Goldplat, another UK-based gold mining firm, last year applied for a renewal of its exploration permit amid a dispute over the government’s award of a gold prospecting licence to Chinese firm Bao Gold Hill (Kenya) Ltd in an area claimed by the UK firm.
Goldplat said it had the right to prospect for the precious metal in Block 91B covering 63.7 sq km, part of which was handed to Bao in August 2018.
According to the US Agency for International Development, foreigners seeking to set up businesses in East Africa face a number of restrictions, that can dampen their appetite for investing.
Some EAC member states have adopted restrictive investment policies that have forced some foreign firms to review their operations.
In 2017, Australian mining company, OreCorp, announced plans to review its operations in Tanzanian after the country reviewed its laws to enable the government to renegotiate all mining contracts.
Tanzania discourages foreign investment in selected aspects of telecoms, mining, shipping, fishing and civil aviation by imposing investment ceilings and difficult licensing requirements.
Foreign firms seeking to invest in Tanzania’s mining sector must be ready to cede a 30 per cent shareholding to the Tanzanian citizens.
Tanzania’s Electronic and Postal Communications (Licensing) Regulations also provides for 51 per cent local ownership for foreigners seeking a content services licence for free-to-air broadcasting.
In the insurance sector, all insurers are required to set aside a 30 per cent stake for Tanzania citizens.
“Tanzania’s requirement for locals to hold at least 30 per cent of controlling interest in insurance companies may slow down or repel foreign investments,” says USAid in its Investment Climate Assessment Report for Tanzania for the year 2018.
According to consultancy firm PricewaterhouseCoopers, regulatory policy changes have had a mixed impact on the business climate and on investor confidence.
Kenya’s Investment Authority (KenInvest) says that regulatory reforms are key to removing the barriers to investment and continuous improvement of the business environment is important for countries seeking to benefit from increased trade and investment.
Concerns by private investors in Tanzania include delays in value added tax and other tax refunds, delayed payments to contractors and suppliers and proliferation of regulatory authorities, licences, taxes and charges.

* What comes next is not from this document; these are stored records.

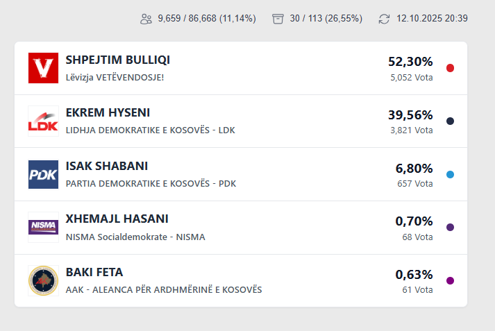 Podujeva Përditësimi i fundit, Bulliqi rritet edhe më shumë October 12, 2025 Rezultati momental në Podujevë. Më poshtë rezultati: Post navigation Previous: Rezultati i zgjedhjeve në BuricëNext: Rezultati i zgjedhjeve në Letanc
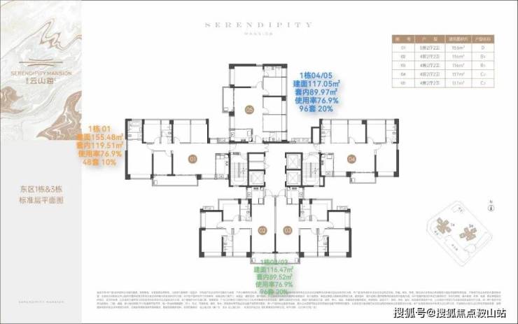面积:111-174㎡4-5房
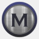 Pegatina Redonda Monograma Plata Cepillada Azul Marino
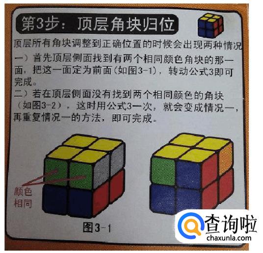 二) 若在顶层侧 面没有找到两个相同颜色的角块(如图3-2),这时用公式3一次,就会变成情况一,再重复情况一的方法, 即可完成。
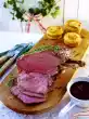 Spread the roast with 2 tablespoons of jelly, spread the cranberry-nut mixture on top and press on a little. Add sauce and meatballs.
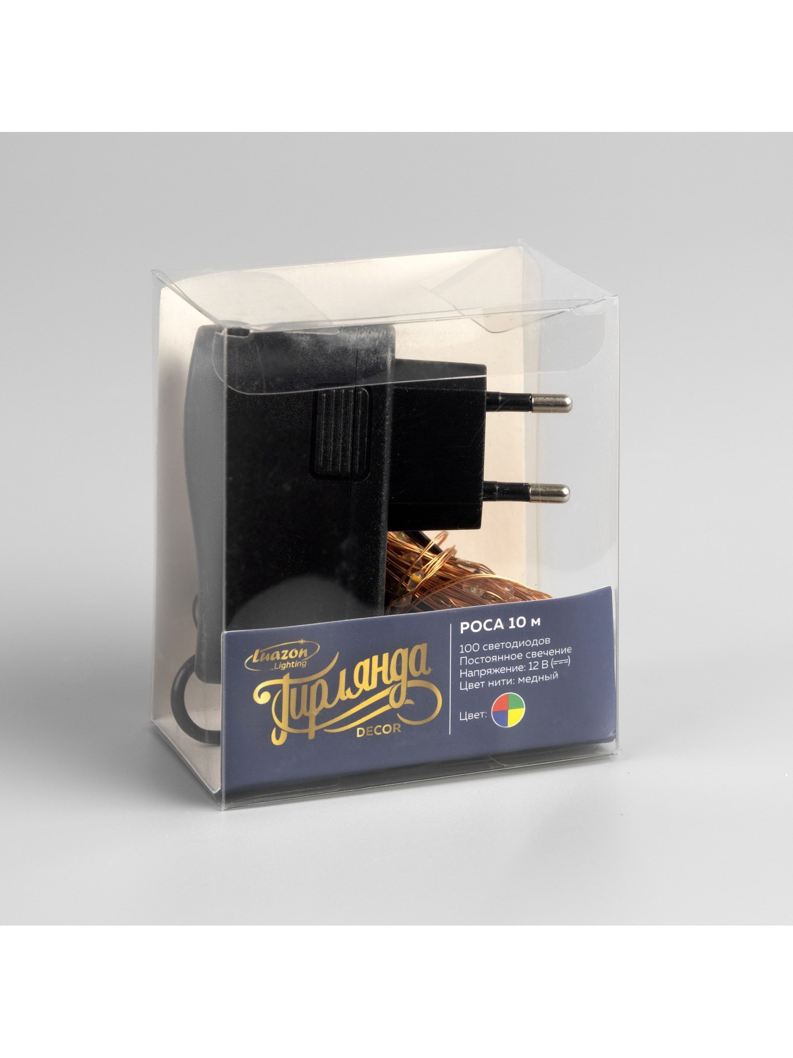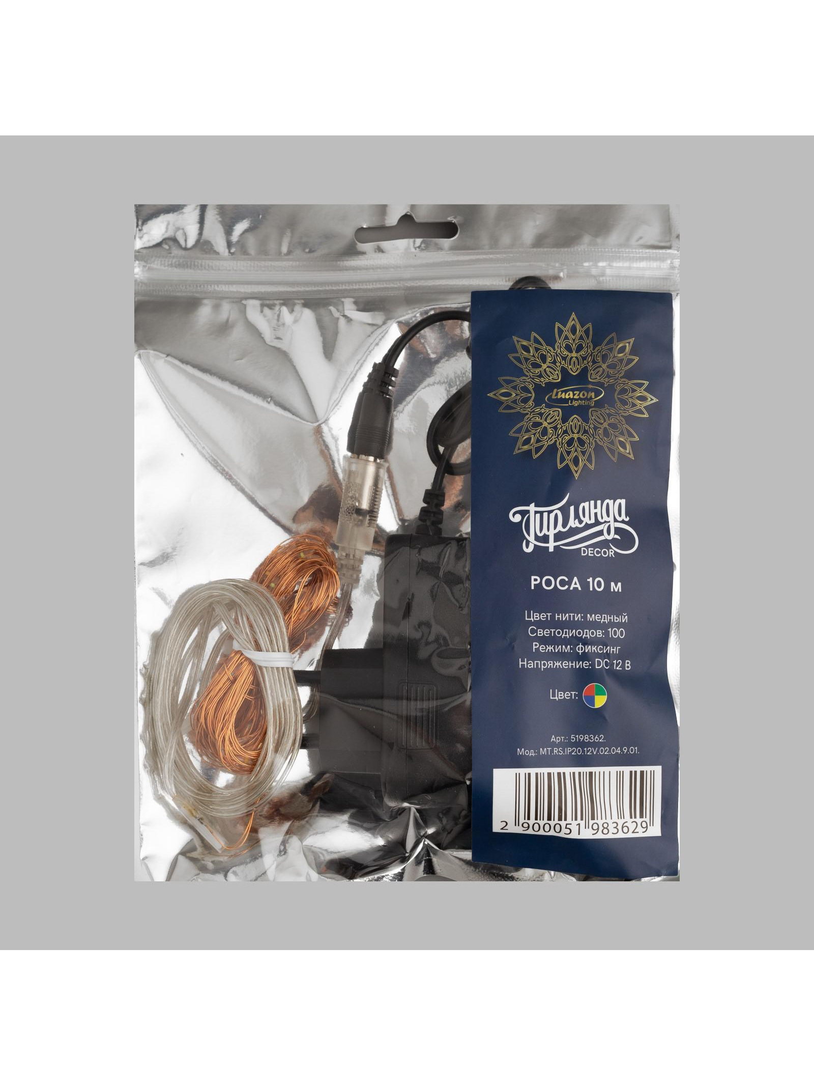 Гирлянда "Нить" 10 м, роса, IP20, медная нить, 100 LED, свечение мульти, 12 В, Luazon Lighting, Китай

“There are downside risks to economic growth in the short term stemming from slow budget implementation, a challenging business environment, and private sector concerns about authorities’ enforcement of rules,” said PwC.

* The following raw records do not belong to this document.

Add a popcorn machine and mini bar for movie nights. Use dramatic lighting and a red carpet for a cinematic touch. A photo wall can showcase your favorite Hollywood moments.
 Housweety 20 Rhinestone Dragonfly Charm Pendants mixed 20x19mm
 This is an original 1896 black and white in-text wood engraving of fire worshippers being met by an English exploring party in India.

In South Sudan all businesses established by expatriates must be 31 per cent owned by locals.
According to PwC, investors are finding it difficult to operate in Uganda due to the time and cost of accessing electricity, difficulties in obtaining construction permits, the relatively lengthy procedures needed to start a business compared to other countries and challenges of trading across borders with regards to the cost of importation.
Uganda, however, allows for 100 per cent foreign-owned businesses, and foreign businesses are allowed to partner with Ugandans without restrictions.
Foreign investors also have the right to establish and directly own businesses in any sector except crop and animal production.
In Rwanda, the government has been more lenient to foreign investors by abolishing statutory limits on foreign ownership or control of local firms and avoiding any plan that discriminates against foreign investors.
Local and foreign investors have the right to own and establish business enterprises in the country.
Foreign nationals are allowed to own shares in locally incorporated companies and foreign investors can acquire real estate, though there is a general limit on land ownership.
In Kenya, the telecommunications sector regulator requires that foreign firms that invest in the sector reserves 20 per cent shareholding for Kenyans within three years of receiving the licence while the new Mining Act (2016) restricts foreign participation in the mining sector.
The Act reserves the acquisition of mineral rights to Kenyan companies and provides for 60 per cent Kenyan ownership of mineral dealerships and artisanal mining firms.